Thursday, 2 May 2019

Thursday Movie Picks #251: True Crime


 
People love true crime, particularly women. Maybe it’s because they empathise with the victim (which are mostly women) or they prepare themselves for the worst (considering woman are most likely to be victims of serial killers). Maybe some women do empathise with the victim, but I still feel there is that element of excitement that draws women to the genre. Like so:

These types of films have been subjected to criticism for glorifying the killer and neglecting the victims. This leads me on to the next two films.

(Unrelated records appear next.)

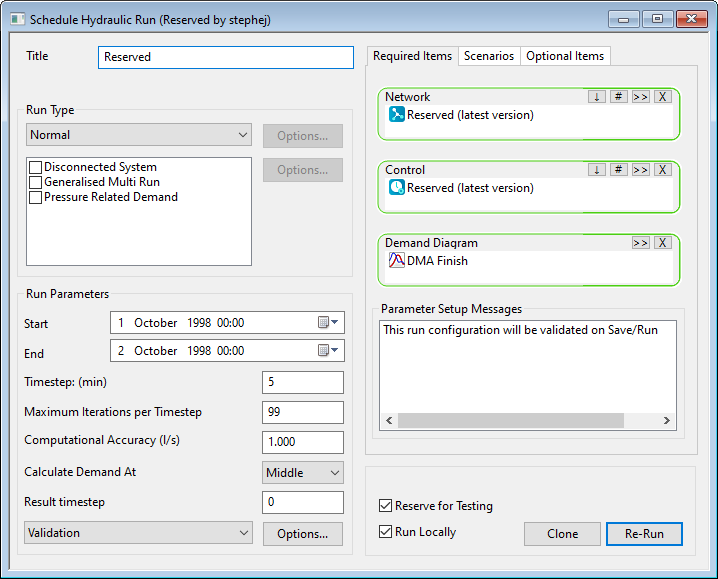 - Validation is turned off when a run is reserved. You can re-enable validation in the run dialog, and validation can always be performed via the network validation dialog. The reason for disabling validation is to improve the throughput of re-runs.
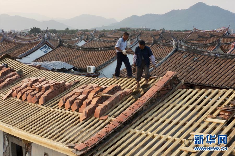 11月14日,埭美村村民在修繕一座古民居(無(wú)人機(jī)拍攝)。新華社記者姜克紅攝
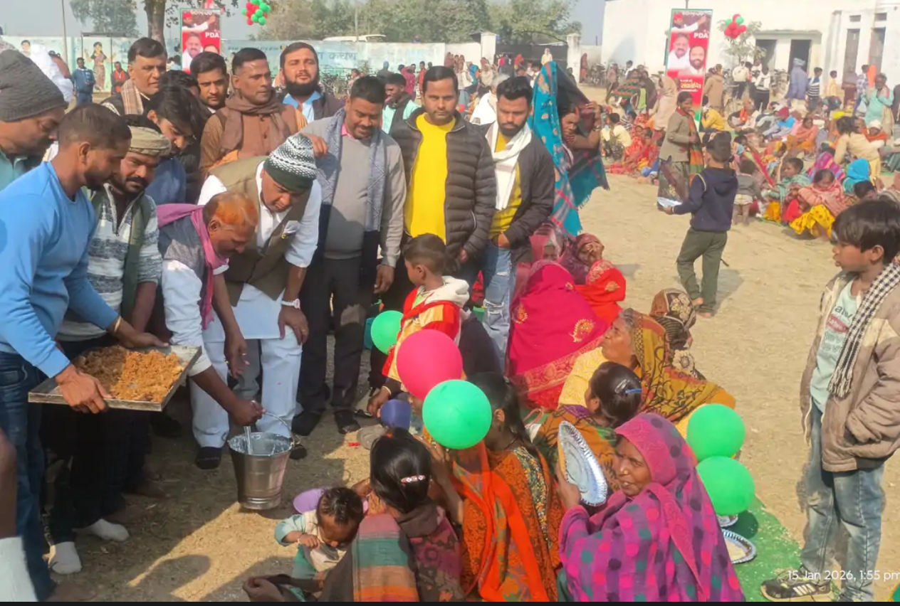 गाजीपुर – सेवराई क्षेत्र में मकर संक्रांति का पर्व इस बार सामाजिक समरसता और सेवा भाव के संदेश के साथ मनाया गया। पूर्व कैबिनेट मंत्री एवं जमानिया विधायक ओम प्रकाश सिंह ने अपने पैतृक गांव स्थित पूर्व माध्यमिक विद्यालय परिसर में दलित और वनवासी समाज के लोगों के साथ मकर संक्रांति का त्योहार मनाया। हर वर्ष की परंपरा को निभाते हुए इस बार भी करीब पाँच हजार से अधिक लोगों को दही-चूड़ा खिलाया गया। इसके साथ ही जरूरतमंदों के बीच कंबल वितरण किया गया तथा एक स्वास्थ्य शिविर का आयोजन भी किया गया, जिसमें लोगों की स्वास्थ्य जांच और परामर्श दिया गया।
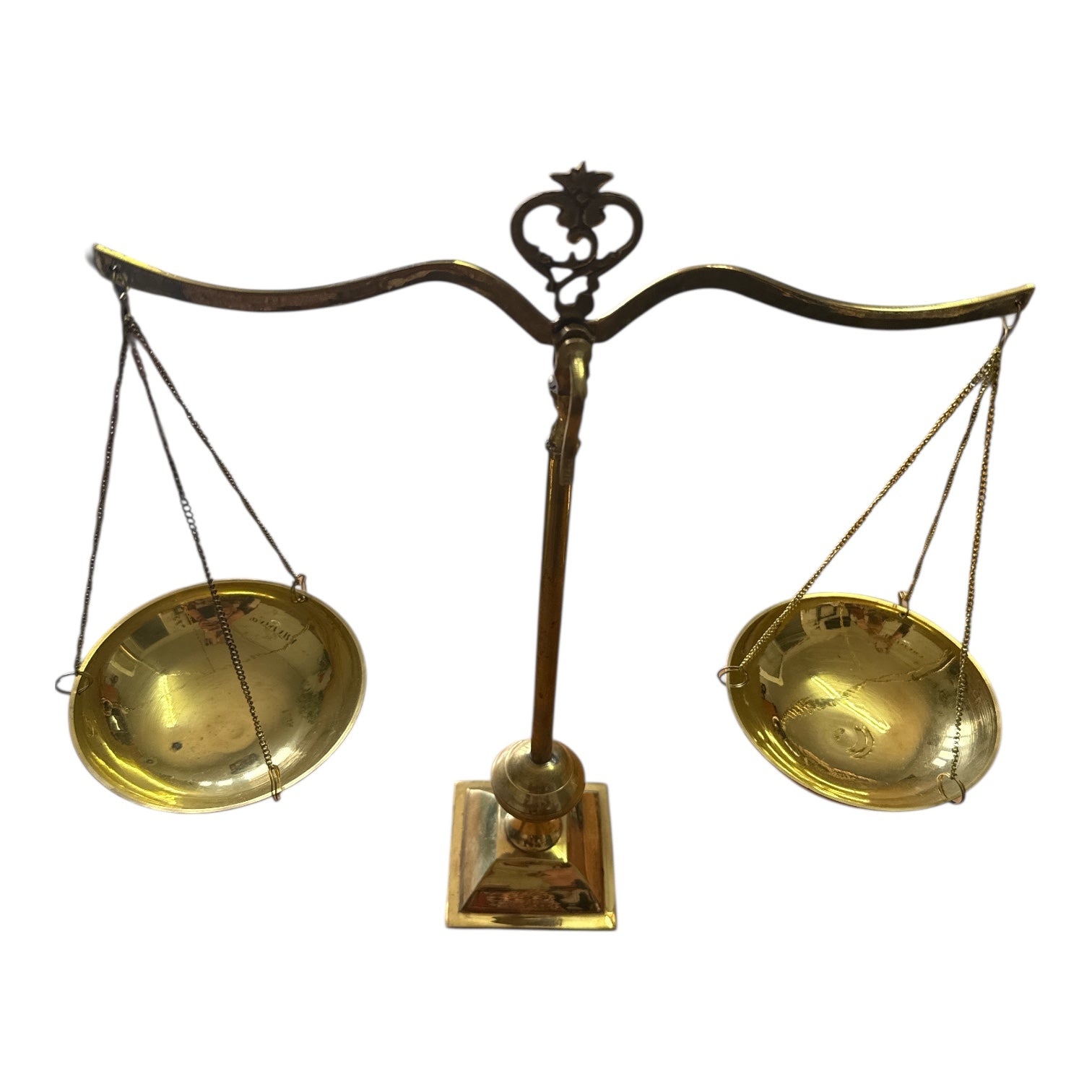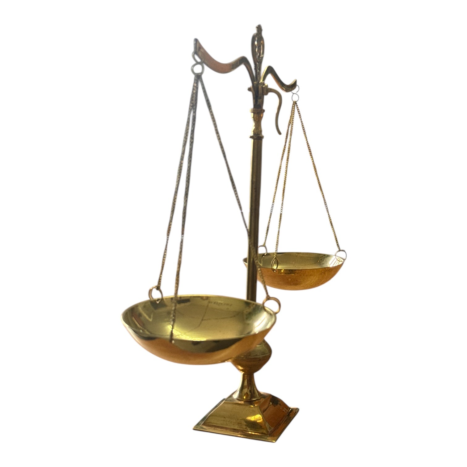 Balanță decorativă realizată din alamă, cu un design clasic și proporții elegante, ce oferă un aspect impunător și rafinat. Finisajul auriu lucios, împreună cu detaliile atent lucrate, transformă această piesă într-un element decorativ de impact, potrivit pentru birou, bibliotecă sau spații cu tematică clasică.
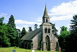 The Church inside the village is known as St Calixtus' church, named after Saint Calixtus.[2] The church is a stone building and has both Norman and Anglo Saxon roots. The church was originally constructed in 1138 and was later consecrated on 14 October 1138, by the Bishop of Hereford.[2] Since then, the majority of the church has been rebuilt.[2] However, the Church of England in Bridgnorth comment that there are still parts of the older church that still exist today.[2] Inside the Church can be found the faded remains of a 'maiden's garland', a heart-shaped wooden frame decorated with gloves, cloth and ribbons. Such garlands were once the fashion to commemorate maidens who died before marriage.[2] The one at Astley Abbotts has a ribbon-like piece of paper saying, in still legible handwriting, that it commemorates Hannah Phillips,[2] who drowned while crossing the River Severn a day or two before her wedding.[3]
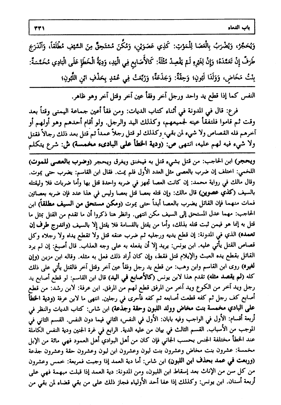 ويحجر ويضرب بالعصا للموت، كذي عضوين ومكن مستحق من السيف مطلقاً، واندرج طرف إن تعمده وإن لغيره لم يقصد مثلة، كالأصابع في اليد ودية الخطإ على البادي مخمسة بنت مخاض، وولد لبون وحقة وجذعة وربع في عمد، بحذف ابن اللبون

Bonnie and Clyde & The Highwayman
Bonnie and Clyde and The Highwayman tell the same story, but from different perspectives. One tells it from the side of the criminal lovers and other from the Texas Rangers hired to kill them. Bonnie and Clyde was part of the late 60s counterculture movement, it celebrated them and Faye Dunaway and Warren Beatty (Faye trumps Warren) perfectly capture this alluring attractiveness and hipness that made them so popular.

The Highwayman does not. In fact it’s highly critical of them and the fanatical following they got. It’s a little moralistic, but there’s nothing wrong with holding some distain for the attitudes that still surround Bonnie and Clyde who were murderers hiding behind façade of helping the poor. Still I prefer The Highwayman, there’s too much shouting in Bonnie and Clyde and it gave me a headache. Someone described it as Hillbillies yelling at each other for an hour and a half. Sums it up well.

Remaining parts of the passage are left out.